"An unconventional gathering helped spur ideas to speed the pace and scale of river restoration projects across the West."
"Brian and Pat Robertson first noticed something wrong nearly 30 years ago. A stream called Little Bear Creek ran through their property in northern Idaho, but the waterway had long ago been altered during a logging operation and essentially functioned as a ditch, carrying water swiftly away from the valley. Trees were dying; the water table was dropping; neighbors were digging dry wells. After consulting with Natural Resources Conservation Service and touring several Forest Service restoration projects in Oregon, the Robertsons decided to take the creek back to Stage Zero.

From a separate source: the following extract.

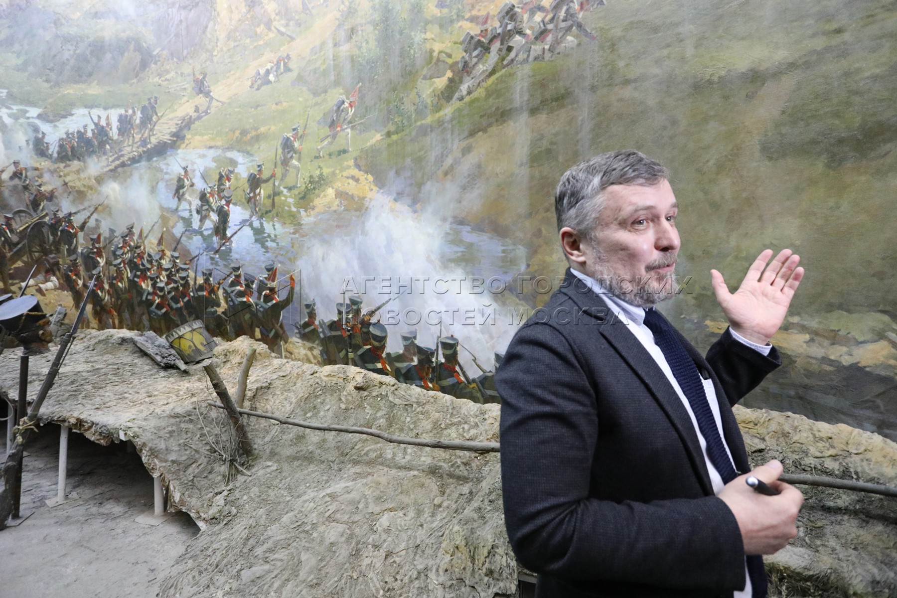 • Описание: Директор Музея-панорамы «Бородинская битва» Владимир Преснов во время показа результатов реставрации фрагмента полотна панорамы «Бородинская битва» в рамках проекта «Открытая реставрация 2019-2023».

Stage Zero is like hitting the reset button to a time before the stream had formed a channel. With help from 10 agencies, the Robertsons filled in their stretch of Little Bear Creek until it was flush with the surrounding landscape. They scattered large logs about to help slow the flow of water. Then the stream could decide where it wanted to go: spreading out in fingers across a valley; pooling in wetlands; creating little micro-habitats — places where water-loving plants could grow, insects could hatch and young salmon could thrive.
Since the restoration at Little Bear Creek began more than five years ago, the water table has risen several feet. The meadow is transforming into a wetland. In time, the Robertson say, willows may return, then beavers."